После ухода петлюровцев жизнь начала понемногу входить в свое русло. Французы разместили свои войска в казармах, освободившихся после очищения города немцами. Эти последние, по соглашению с французским начальством, разместились по немецким крестьянским селам, которых было довольно много вокруг Одессы. Они держали себя смирно, в городе не показывались и ожидали отправки на родину. Должен сказать в похвалу немцам, что они и в революционном состоянии, управляемые советами, умели себя держать пристойно и не обижали население. За все время междуцарствия я видел только один раз перепалку между немцами и поляками, причем поляки, только что нарядившиеся в свои польские мундиры, задирали немцев.
Деятельность совета при Гришине-Алмазове протекала, главным образом, в изыскании средств для удовлетворения всех потребностей населения Одессы. Деньги были, так как они печатались тут же, но гораздо труднее было с доставкой всего нужного для города. Дрова нужно было доставлять по железной дороге из пункта, лежащего на расстоянии в 300 верст, мяса тоже не хватало, не было угля, керосину, бензину и сахару. Все это нужно было доставать или с враждебной территории, каковой была занятая петлюровцами Украйна, или из нейтральных государств, каковыми являлись Крым, Кубань, Дон и Грузия. Если бы не взятки, то Одесса была бы осуждена на голодную смерть, но с взятками оказалось возможным вывезти и провезти все, что нужно, из складов самых злейших врагов. Вначале заседания совета бывали каждый день, потом два раза в неделю и, наконец, только раз в неделю.
Должен сказать несколько слов об одесском Английском клубе, который имел свое собственное, очень обширное и удобное помещение. Когда я только что начал свою деятельность как начальник центра Добровольческой армии, генерал Леонтович мне усиленно советовал записаться членом в Английский клуб, мотивируя свой совет тем, что я могу там встречаться со всеми влиятельными людьми. Я последовал этому совету, но скоро убедился, что там бывают только бывшие люди.

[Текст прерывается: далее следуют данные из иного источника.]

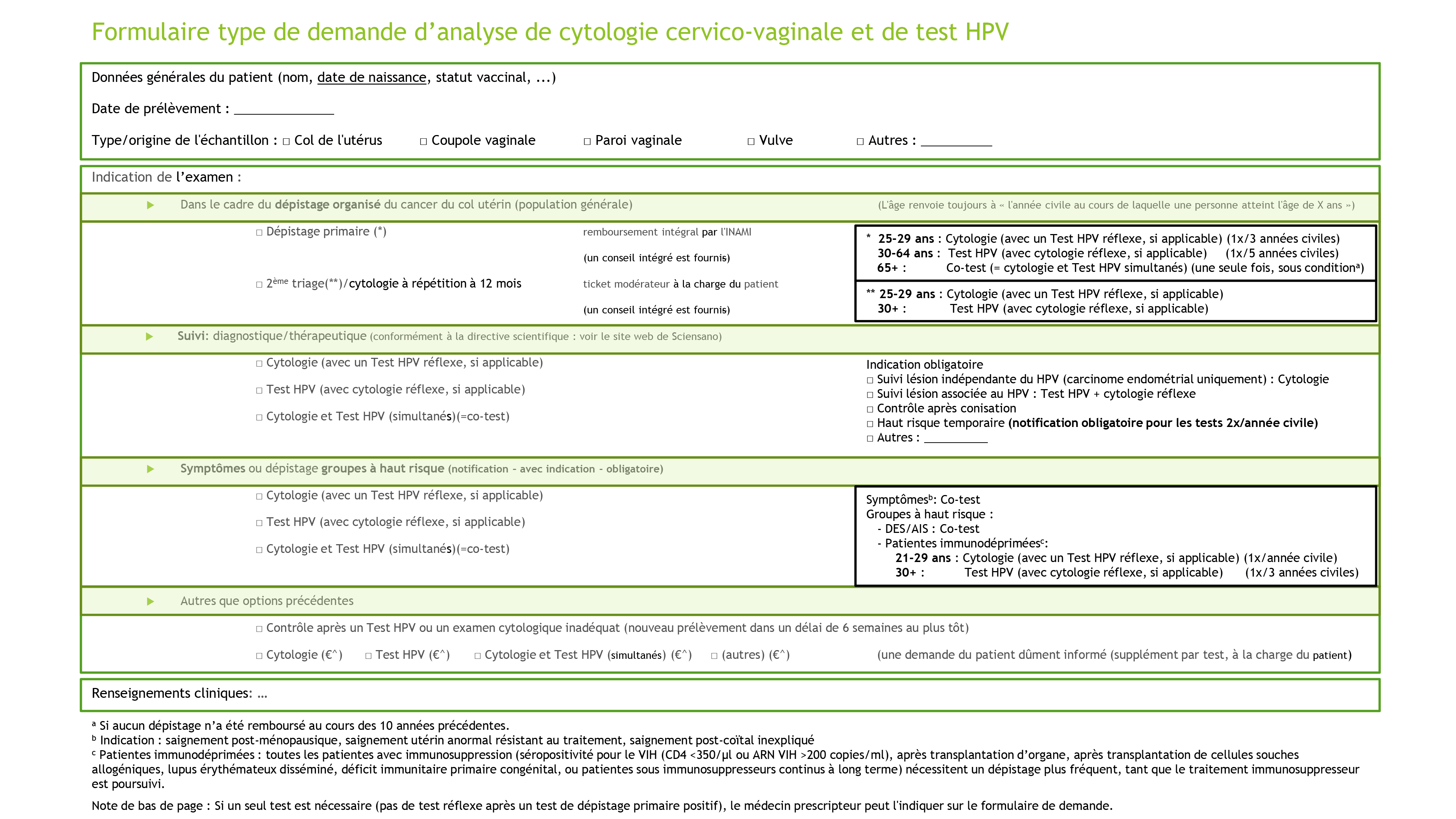 - Q : Existe-t-il un modèle de formulaire de demande pour la cytologie cervicovaginale et le test HPV dans le cadre du nouveau programme de dépistage du cancer du col de l’utérus ?

В прежнее время там действительно собирались как чины высшей администрации, так и крупные помещики, фабриканты, финансисты и прочие большие буржуи. В то время клуб действительно имел и выявлял свое влияние. При немцах в нем царила мерзость запустения, но, когда появились французы, собрался небольшой кружок членов, который решил восстановить былое величие клуба. Был нанят великолепный повар и в председатели совета старшин выбрали бывшего донского атамана генерала графа Граббе, на прекрасный французский язык и такт которого возлагали большие надежды.
В первые же дни по прибытии французов в клубе состоялся большой обед в их честь. Присутствовало до ста человек. Обед был прекрасный, несмотря на обнаруживающуюся скудость в городе, и даже редкое в то время шампанское было в изобилии. Генерал Граббе произнес прочувствованную речь, умоляя союзников спасти Россию, но французский генерал в очень недвусмысленных выражениях ответил, что Россия должна спасти себя сама, а если она этого сделать не захочет, то и союзники ничем ей помочь не смогут.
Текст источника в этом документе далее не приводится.